2. Split mung dal without skins (moong dal). These are used extensively in soups, stews, and sauces, and they become slightly glutinous when cooked into thick purées and make excellent dal soup. They can be soaked, drained, and fried into crispy snacks.

3. Split mung dal with skins -These are recommended whenever soaked beans are required for savories and chutneys. They, too, are available at Indian grocery stores.

MUTH BEANS: Known as dew bean. The beans are used fresh as a vegetable; dried in whole bean dishes; and soaked, drained, and fried as crunchy snacks. 

SPLIT PEAS (MATAR DAL): There are two popular varieties—green and yellow. Both are about ¼ inch (6 mm) in diameter, and the yellow can be used as a substitute for chana dal or toovar dal. The green is ideal for thin to medium soups or purées.

TOOVAR DAL: Also known as arhar dal, tur dal, and pigeon peas. The pale yellow to gold lentils is sold split without skins, about ¼ inch (6 mm) in diameter. Slightly sweet, they are popular in dal soups and purées and the South Indian daily staple known as sambar.

URAD DAL: Also known as black gram. These beans are popular in three forms, all available at Indian grocery stores:

1. Whole urad beans, with skins (sabat urad).

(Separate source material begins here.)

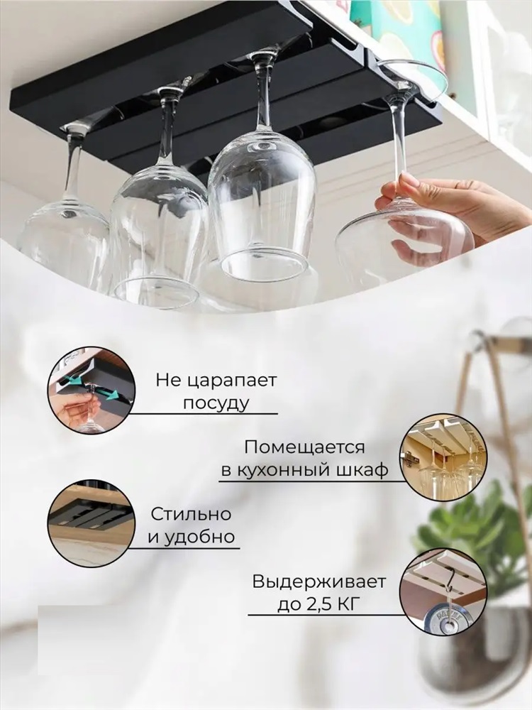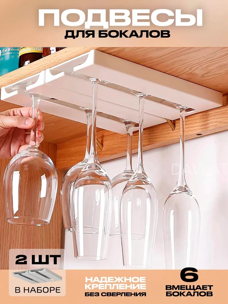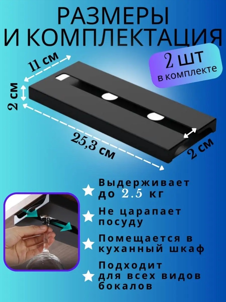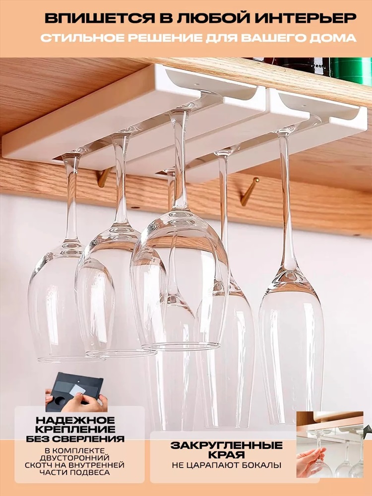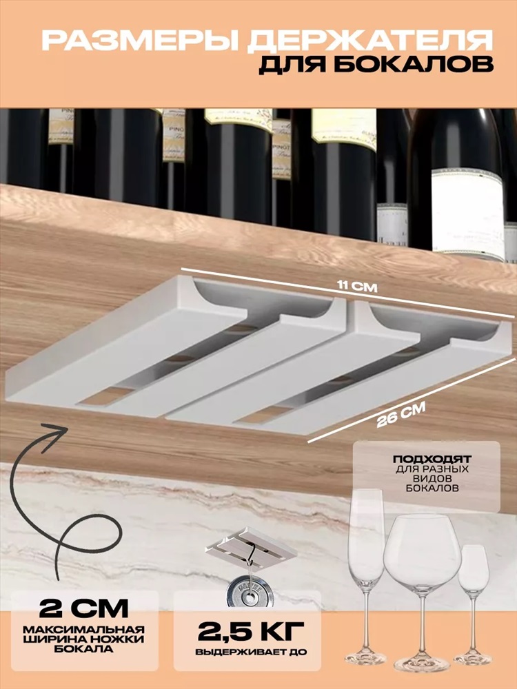 Модель: Держатель для бокалов подвесной 60287 Тип товара: держатель для бокалов Бренд: Натали Суслова Держатель для винных бокалов крепится без гвоздей, шурупов и сверления. Этот красивый, стильный, удобный органайзер для бокалов выдерживает нагрузку до 2,5 кг. Бакалодержатель подойдет для бокалов с любым диаметром ножки. Подвесной держатель для фужеров можно разместить внутри или снаружи кухонного шкафа. Вместимость двух держателей до 6 бокалов. Держатель представлен в двух цветах : белый и черный. Легко крепится на 2 клейкие пластины. Наклейка не оставляет следов на мебели. Закругленные концы не повредят руки и посуду. С помощью подвесной полки для бокалов вы можете сушить фужеры без пятен и развозов. Наши держатели дополнят интерьер вашей кухни и сделают хранение бокалов удобным. Навесной держатель для винных бокалов сэкономит место в шкафу. Таблица размеров и веса

These BB-sized, oval ivory beans have gray-black skins, and they are used Whole in dried bean dishes.

2. Split, without skins (urad dal). Used in purées and soups and ground into flour for savories and sweets.

3. Split, with skins (chilke urad dal). Used just like

 

Ingredients

HOW TO CLEAN AND WASH DALS:: 
1 . Put the dal in a sieve and lower it into a large bowl filled two-thirds with water. Rub the dal between your hands for about 30 seconds. Lift out the sieve, discard the water and refill the bowl.
2. Repeat the process three or four times or until the rinse water is practically transparent. Drain or soak as directed in the recipe.

 

Directions

COOKING DALS::
  The simplest way to cook any dal or dry beans is in a pressure cooker or an instant pot. The instant pot has completely changed the way I cook dal and beans. There is, though, one thing that I still follow from traditionally Indian cooking of dals and beans, and that is:: the soaking time. Split dals is usually 20 min, but beans like rajma, Kala channa, black eye peas need to be soaked overnight or at least 6 hours. Don't miss this vital step as it releases sugars and lectins that are not good for the digestive tract. Once done soaking, throw the water and use fresh water for your recipes. 
  Cooking time varies with the type of dal, the hardness or softness of the water, and the age of the dal. The consistency of the dal—liquid or dry—is determined by the amount of water.
Small whole beans—mung, muth, and urad—take up to 7-9 minutes in an instant pot and 3-4 whistles in a pressure cooker. 
Thin split dal soups and whole beans cook rapidly in a pressure cooker; a small amount of dal soup cooks to perfection in 5-7 minutes or 2-3 whistles.
Whole chickpeas become butter-soft in15- 20 minutes or 6-7 whistles in a pressure cooker.
 If cooking in a pressure cooker, make sure to clean the dals and beans well because legumes cooked without enough water or insufficiently washed tend to froth up and clog the vent. You will get the hang of it after the first few times.